Pictomancer can completely swap their palette though, allowing for entirely different elements which generate a darker charge used to deploy Comet instead of holy. While players can bounce between the palettes, Pictomancer’s most wild gimmick allows it to draw aspects of monsters and make them real, such as a damaging gale from a monster’s wings or the sting of its bite. First the player has to draw the aspect to unlock its skill, which adds the drawing to a series of canvases on screen. For example, the Pictomancer can draw a comically large hammer, which they then expressively swing like a cartoon character. Filling every canvas eventually allows the Pictomancer to deploy a high-damage attack that combines them all, but upon its use, the canvases are cleared to begin the cycle again. And this is only just scratching the surface of the Pictomancer’s intimidating range of abilities.

Business as usual

For all of its extravagances and new jobs to play with, the main content of the preview, a lone dungeon, was the most familiar part of the whole Dawntrail affair. Beginning in the midst of a chase along a river, the dungeon moved through much of the same motions of dungeons I’ve encountered before, and players shouldn’t expect much to be different here, though it was still an exciting mission by all accounts.

A screenshot of the dungeon I was able to play, Ihuykatumu. You begin the dungeon chasing another ship on the river.

Image: Square Enix

You are routed through a series of three boss fights, and each has their own set of mechanics that need mastery for you to survive. The first fight was pretty standard, attacking with large AoE techniques that needed to be dodged while simultaneously doing damage. The second fight featured a monster that would summon large vines from underground and risked flattening players.Without the usual ground markers telegraphing their attacks until the last minute, you had to actually size up the vines and the directions they were facing in order to avoid heavy damage or being reset if you were playing solo.
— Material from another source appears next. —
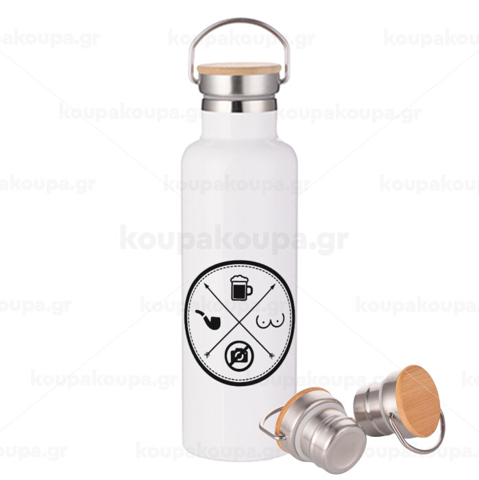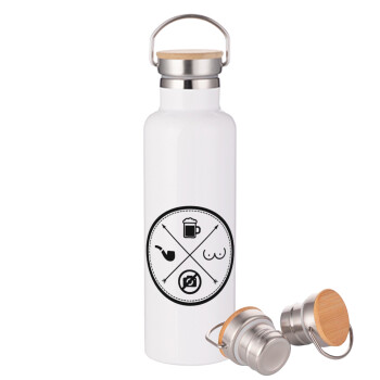 The Bachelor Rules, Stainless steel White with wooden lid (bamboo), double wall, 750ml

The final fight featured my favorite mechanic of the entire dungeon, which was a moving tornado that also then shot out AoE techniques in a star like pattern around it, which called for precision to avoid.

I had a blast playing through it numerous times over, and its last fight was a particularly delightful, dizzying dance, making Dawntrail’s dungeons about up to snuff with the exemplary stuff you’ve come to expect from the game by now.
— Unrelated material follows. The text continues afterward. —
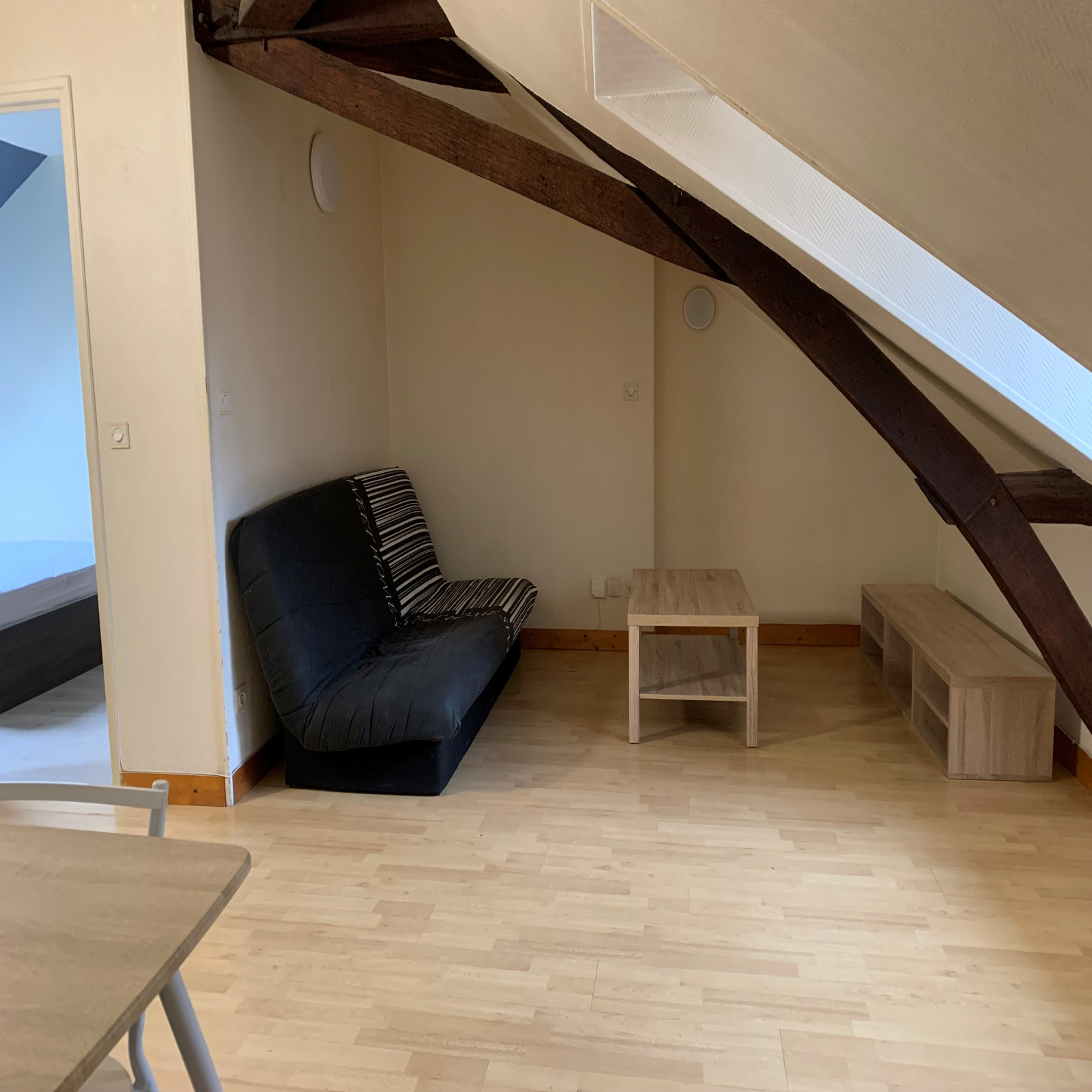 Appartement type 2 meublé mansardé (bail en vide avec prêt de meuble) : séjour, kitchenette séparée, chambre, salle d'eau, wc. Chauffage électrique. Eau et EDF individuels.

Elsewhere, I got to see some of 7.0’s other shiny new features, such as the overhaul of FF14’s graphics. Though I’ve never found the game to be anything short of pretty, MMOs aren’t often known for their visual fidelity, especially as far as character models and environments. But FF14 has taken some mighty big steps with 7.0, which renders Tural’s countryside with stunning vivacity. Fields are much more lush as well and even just the detail on my beautiful female Hrothgar character (also new to Dawntrail) was several notches above the models currently in the game. Fidelity isn’t usually a point of emphasis for me, but I can’t deny that FF14 has successfully glowed up, and even more changes will continue to roll out over the course of the next few years.
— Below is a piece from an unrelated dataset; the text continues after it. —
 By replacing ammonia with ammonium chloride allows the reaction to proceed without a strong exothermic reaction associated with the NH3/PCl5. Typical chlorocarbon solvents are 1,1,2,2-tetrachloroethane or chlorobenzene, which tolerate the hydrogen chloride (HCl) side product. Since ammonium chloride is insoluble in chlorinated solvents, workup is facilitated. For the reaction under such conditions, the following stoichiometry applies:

All in all, Dawntrail is shaping up to be a promising expansion. Though Yoshida’s warned that it may not necessarily mark the start of FF14’s next sweeping saga, it is still a big step for the game and its team, which appears to be stepping out of its comfort zone with Tural. I will be watching it carefully, but if our conversations have illuminated anything, it’s that the team’s aware of what a big deal it’ll be to get this right. So much else about the expansion, including its intense new jobs and vibrant locale, that this team knows what it’s doing. Now all that’s left to do is see if Dawntrail successfully gives its players the best summer break ever when it arrives on July 2, 2024.

Disclaimer: This article is based on the play of an in-development build of FINAL FANTASY XIV: Dawntrail, and content in the final version is subject to change.